“We are looking at significantly warmer daytime temperatures,” Palmer said. “Inland areas will easily be into the 90s, and we may see our first triple-digit heat for some of our inland locations. For coastal areas, there is quite a bit more uncertainty.”
A ridge of high pressure will cause the warm-up. Exactly how hot it gets, especially along the coast, will depend on where that ridge sets up and on the Bay Area’s marine layer — the cool ocean air conditioning that often cranks up this time of year, bringing the cloudy, overcast skies of “June gloom.”
A hot Sierra and a melting snowpack
UCLA climate scientist Daniel Swain said during a Friday live-streamed office hours that the heat wave would be felt most acutely in the Sierra Nevada and its foothills in the northern part of the state.
“Reno, Tahoe, up by Shasta,” he said. “These are going to be places that get really hot next week, very early in the season [and] could approach record levels for this early in the calendar year. I don’t think it’s nearly as likely that places like the Bay Area or Los Angeles are going to see anything approaching record heat, although it might still end up being warmer than average.”
The weather service’s Sacramento office issued an excessive heat watch from 11 a.m. Tuesday to 8 p.m. Thursday for the Sacramento Valley, foothills, and Delta.
State officials said earlier this year that California’s blissfully normal water year and deep snowpack could curb wildfire risk and prevent drought conditions from developing later in the summer.
However, that snowpack has dwindled to 44% of normal for this time of year, according to the California Department of Water Resources, after several weeks of above-average temperatures.
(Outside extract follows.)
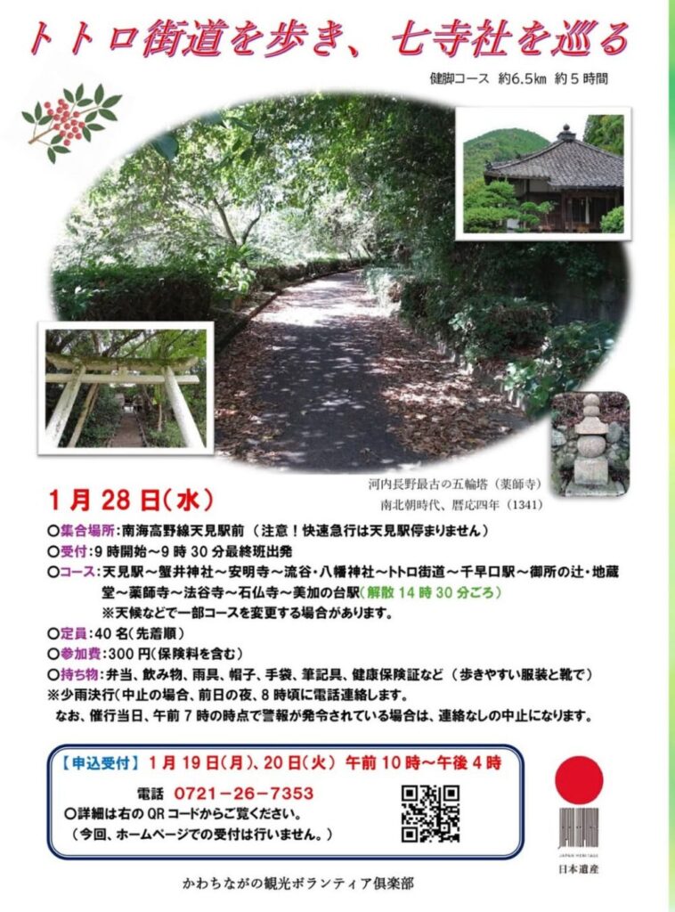 【河内長野市】トトロ街道を歩き七社寺を巡る!1月28日にかわちながの観光ボランティアによるガイドツアー19,20日申し込み(オリジナル)

“It’s very possible the upcoming heat wave will pretty much kill off what’s left,” Swain said, which he added could “kick fire season up a notch.”
The likelihood of a fast-moving forest fire touching off in the Sierra will still be low for now. But this heat wave could “create the preconditions that make it easier to have a more severe fire season later than if we had a mild start to the summer,” Swain said.